1

I need a regex to strip single line comments from a string, but leaves URLs untouched. Code should be working with something like this:

//Some Comment on http://bobobo.com where bla < 5
<script type="text/javascript" src="http://bububu.com"></script>
<script type='text/javascript' src='http://bababa.com'></script>

EDIT: of course I do not use that kind of comment in the HTML file. Correct example would be

<script type="text/javascript">
   //Some Comment on http://bobobo.com where bla < 5
</script>
<script type="text/javascript" src="http://bububu.com"></script>
<script type='text/javascript' src='http://bababa.com'></script>

My bad, sorry for the mislead.

A possible solution should find "//Some Comment on http://bobobo.com where bla < 5", but not "//bububu.com">" and "//bababa.com'>".

Thanks for any hint...

Peavey
  • 302
  • 2
  • 11
  • 5
    Do **NOT** use regex to handle html: http://stackoverflow.com/questions/1732348/regex-match-open-tags-except-xhtml-self-contained-tags – Marc B Nov 28 '11 at 16:58
  • @Marc B: Stripping out single line comments would be okay. – Tomalak Nov 28 '11 at 17:01
  • @Tomalak: maybe, but then you're stucking try to figure out if a particular comment is actually a comment, or a url buried in an attribute or is actually a plaintext url. – Marc B Nov 28 '11 at 17:02
  • @Marc B: That's right. Under the assumption that lines either are comments or not (as the sample suggests), regex would indeed work. – Tomalak Nov 28 '11 at 17:03

5 Answers5

1

The short answer is: don't. The reason is that single-line comments are not valid comments in HTML. They're just text tokens. You shouldn't have them in your code. Eliminate them before they are inserted into your source.


I tried to give you an alternative answer using PHP's DomDocument and DomXPath, but it only supports XPath 1.0, and the replace function doesn't exist until 2.0. I'm not familiar enough with XPath 1.0 to be able to replace a string in the DOM. Here's what you would need to do though:

  1. Select all the text nodes (will ignore attributes because they aren't text nodes)
  2. Replace \s*//.* (dot does not match a newline) with ''.
  3. Insert the text back into the node.
Levi Morrison
  • 19,116
  • 7
  • 65
  • 85
  • \s*//.* does not match if the comment is in the first line of the file. – Kaii Nov 28 '11 at 22:33
  • @Kaii I may be wrong, but I believe that is an implementation detail that may not matter.
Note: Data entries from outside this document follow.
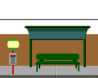 BusStop is a clock. But its way of displaying a time is unusual. Let's suppose that you are watching a busstop from an opposite side of a street. As there's an excellent bus service in a town, a bus comes every five minutes. You can see a route number, persons, sparrows and a bench. The route number indicates an hour. A person comes every one minute. A sparrow appears every five minutes. A bench has an ad on its back. It changes everyday. You can set your strings for it. Enjoy!
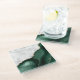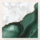 This elegant glass coaster features a digital image of white marble and emerald green agate trimmed with faux gold glitter.
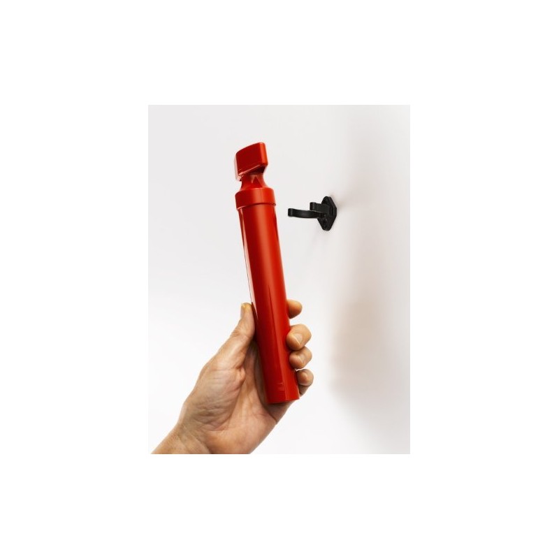 - Fits easily in an apron pocket, in a holster, or snaps into a clip mounted on a wall.
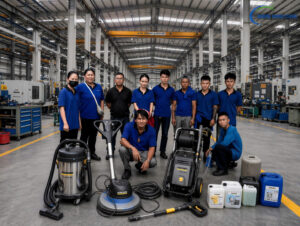 Để hiện thực hóa mục tiêu “đè bẹp” các vết bẩn cứng đầu một cách nhanh chóng mà không làm hư hại cơ sở vật chất của xưởng, Hương Giang Clean đầu tư cực kỳ bài bản vào hệ thống khí tài hiện đại:
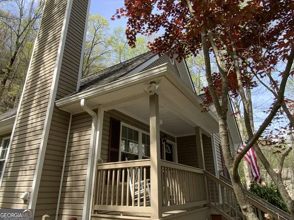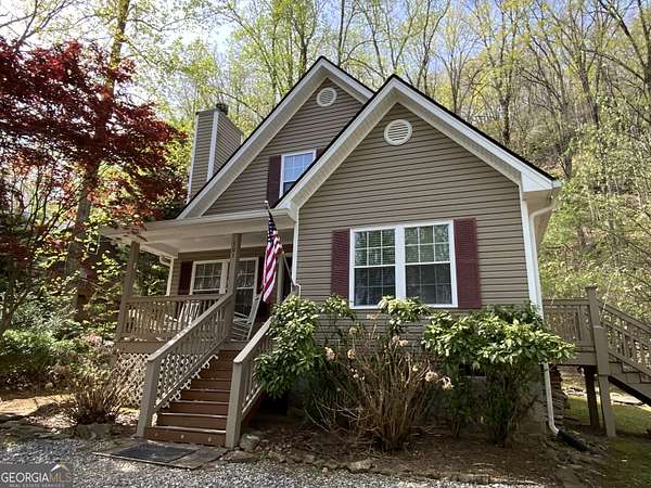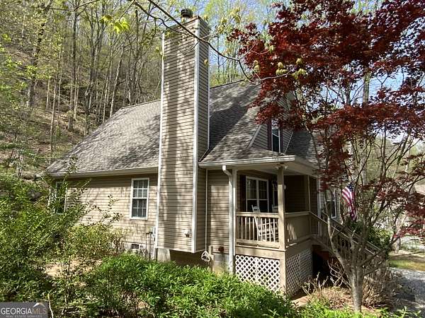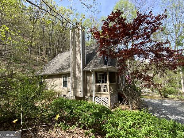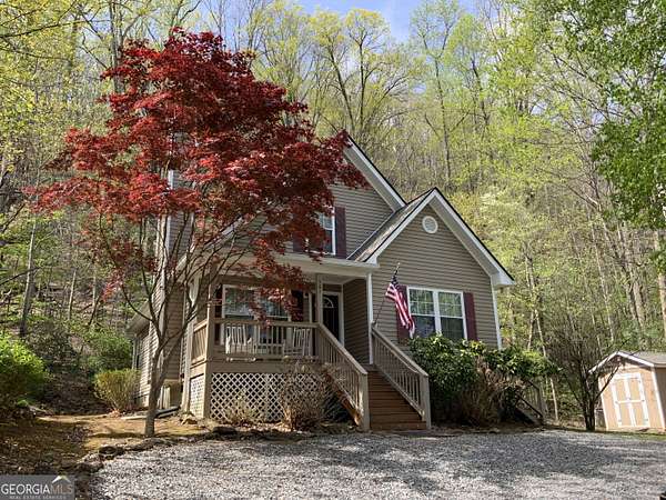 This charming contemporary cottage features a BRAND NEW ROOF (January 2026) and is ideally located between Cleveland, Helen, and Clarkesville, with convenient access to Duncan Bridge Road (Hwy 384) for an easy Gainesville commute. Situated within the award-winning Mt. Yonah Primary School district, this property offers both comfort and convenience. Set on 2 beautiful acres, the home boasts a natural landscape highlighted by unique rock outcroppings, creating a truly special setting. Enjoy seasonal mountain views from the inviting rocking chair front porch. Inside, the open-concept kitchen, living, and dining area creates a warm and welcoming atmosphere, complete with a cozy wood-burning fireplace. The primary bedroom is located on the main level and features two closets along with a recently renovated ensuite bath showcasing quartzite countertops and a double vanity. A convenient half bath combined with the laundry room includes a washer (2022) and dryer (2024), both in excellent condition. Lightly lived in and used only as a vacation home, this mountain retreat has been meticulously maintained and thoughtfully upgraded over the years. Improvements include LVP flooring, updated bathrooms with quartzite counters, a whole-house water filtration system, a farmhouse kitchen sink, updated lighting fixtures, and more. The kitchen offers ample cabinetry along with a pantry featuring a built-in shelving system. Two new HVAC systems were installed in fall 2024 and include programmable thermostats. Upstairs, you'll find generously sized bedrooms with large closets and additional storage tucked into the eaves. An energy audit confirms the home's efficiency, adding to its appeal. Outside, a storage building with a brand-new shingle roof provides excellent space for tools, hobbies, or a workshop. This well-cared-for mountain cottage is a rare find-perfect as a full-time residence or a peaceful getaway. Dont forget to notice the NEW ROOF!

You are using replace mechanisms which generally will take that into consideration. – Levi Morrison Nov 28 '11 at 22:52
1

Thanks everyone, but finally

preg_match('!//.*?\n!', $data, $matches); 

seems to do the trick with or without spaces, tabs or new lines before the comment.

Peavey
  • 302
  • 2
  • 11
0

The regex is ^//.

In preg_replace(), you would use the string '!^//!', for example. The ! is used as a regex delimiter to avoid leaning toothpick syndrome ('/^\/\//').

If your lines can start with spaces, you could use ^\s*//.

Tomalak
  • 332,285
  • 67
  • 532
  • 628
  • 1
    What about comments that are indented by some amount? – Marc B Nov 28 '11 at 17:03
  • @Marc B: See third paragraph. If things get more complicated than that, very clear rules must be defined (or regex is not an option). – Tomalak Nov 28 '11 at 17:05
0

You could also use this to strip comments that don't appear on a line by itself

/(?!http:)\/\//
Cfreak
  • 19,191
  • 6
  • 49
  • 60
0
preg_replace( '~^\h?//(^$)~m', '', $html );

Replace // until the end of the line with '', with optional horizontal whitespace before it. Not tested, but something like that should work.

Berry Langerak
  • 18,561
  • 4
  • 45
  • 58